Eine Herausforderung war lediglich der Reflektor des Suchradars auf dem Turm, „die hat ordentlich Farbe aufgesaugt, da hab' ich ein paarmal drüber streichen müssen“, berichtet Klug.

Auch das Kennzeichen passt: Der Panzer erhielt von der Zulassungsstelle der Bundeswehr seine alte Y-Nummer zurück. Das taktische Zeichen (rechts) weist ihn als Fahrzeug der 6. Kom-panie / Gebirgsflugabwehrregiment 8 in Traunstein aus. Mit dessen Auflösung 1997 kam der Panzer nach Sigmaringen.
Foto: Bundeswehr, Oliver Schmidt | Auch das Kennzeichen passt: Der Panzer erhielt von der Zulassungsstelle der Bundeswehr seine alte Y-Nummer zurück. Das taktische Zeichen (rechts) weist ihn als Fahrzeug der 6.

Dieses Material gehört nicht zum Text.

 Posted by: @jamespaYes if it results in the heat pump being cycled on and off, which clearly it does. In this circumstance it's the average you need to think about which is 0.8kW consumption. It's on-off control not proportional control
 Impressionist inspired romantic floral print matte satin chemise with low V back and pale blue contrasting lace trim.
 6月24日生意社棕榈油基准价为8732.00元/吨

Der Gepard B2L, der seit 2014 in Veitshöchheim steht, trug einst das Kennzeichen Y-259 853, wurde von Krauss-Maffei in München hergestellt und gehörte der 6. Batterie des Gebirgsflugabwehrregiments (GebFlaRgt 8) in Traunstein. Irgendwann kam er als Sockelpanzer zum Flugabwehrregiment 10 nach Sigmaringen. Die Kameraden dort entschieden, ihn wieder in den olivgrünen Ursprungszustand zurückzuversetzen. Er verblieb dort neben anderen musealen Panzern in der Graf-Stauffenberg-Kaserne, bis der Stab der 10. Panzerdivision aufgelöst und in Veitshöchheim wieder neu aufgestellt wurde. Die neue Zehnte erbte auch die alten Panzer aus der geschlossenen Stauffenberg-Kaserne in Sigmaringen.

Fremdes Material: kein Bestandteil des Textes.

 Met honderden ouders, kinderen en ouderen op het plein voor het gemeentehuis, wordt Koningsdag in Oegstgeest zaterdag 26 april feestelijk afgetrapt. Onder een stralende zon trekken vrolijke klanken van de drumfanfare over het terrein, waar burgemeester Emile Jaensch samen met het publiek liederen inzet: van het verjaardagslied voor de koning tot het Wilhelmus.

Gesprächsthema in der Kaserne

Das alte Kennzeichen des Geparden, fand Klug heraus, ist in der Bundeswehr nie wieder neu vergeben worden. Also beantragte er bei der Zentralen Militärkraftfahrtstelle, dem Panzer sein altes Kennzeichen wieder aufkleben zu dürfen. Das war dann der letzte Akt der Restaurierungsaktion.

Nach insgesamt 21 Arbeitsstunden glänzt der Gepard also wieder mit neuem Lack. Das war am nächsten Tag Gesprächsthema in der ganzen Balthasar-Neumann-Kaserne: „Schön gemacht, der sieht aus wie neu“, lobte der Standortälteste Brigadegeneral Michael Podzus und scherzte: „Man könnte ihn glatt als Neuwagen verkaufen.“

Ein Hingucker für Besucher

Die insgesamt zehn historischen Gefechtsfahrzeuge in der Balthasar-Neumann-Kaserne gehören zur militärhistorischen Sammlung der 10. Panzerdivision und sind oft ein Hingucker für Gäste, die die Kaserne besuchen, berichtet Oberstleutnant a.D. Wolfgang Hagedorn, Vorsitzender des Traditionsverbands 12. Panzerdivision.

Er hat es schon oft erlebt, dass Besucher ganz begeistert berichten: „Darauf bin ich mal ausgebildet worden“, oder: „Da saß mein Opa einmal drauf“. Die Fahrzeuge symbolisieren auch die Geschichte der früheren 12. Panzerdivision, ja der Bundeswehr im Allgemeinen, so Hagedorn. Deshalb hat Hagedorn im vergangenen Jahr Paten für die Pflege der Fahrzeuge gesucht. Einer davon ist Stabsfeldwebel Klug. „Ich finde es super, dass er sich so engagiert und den Gepard optisch wieder auf Vordermann gebracht hat“, sagt Hagedorn.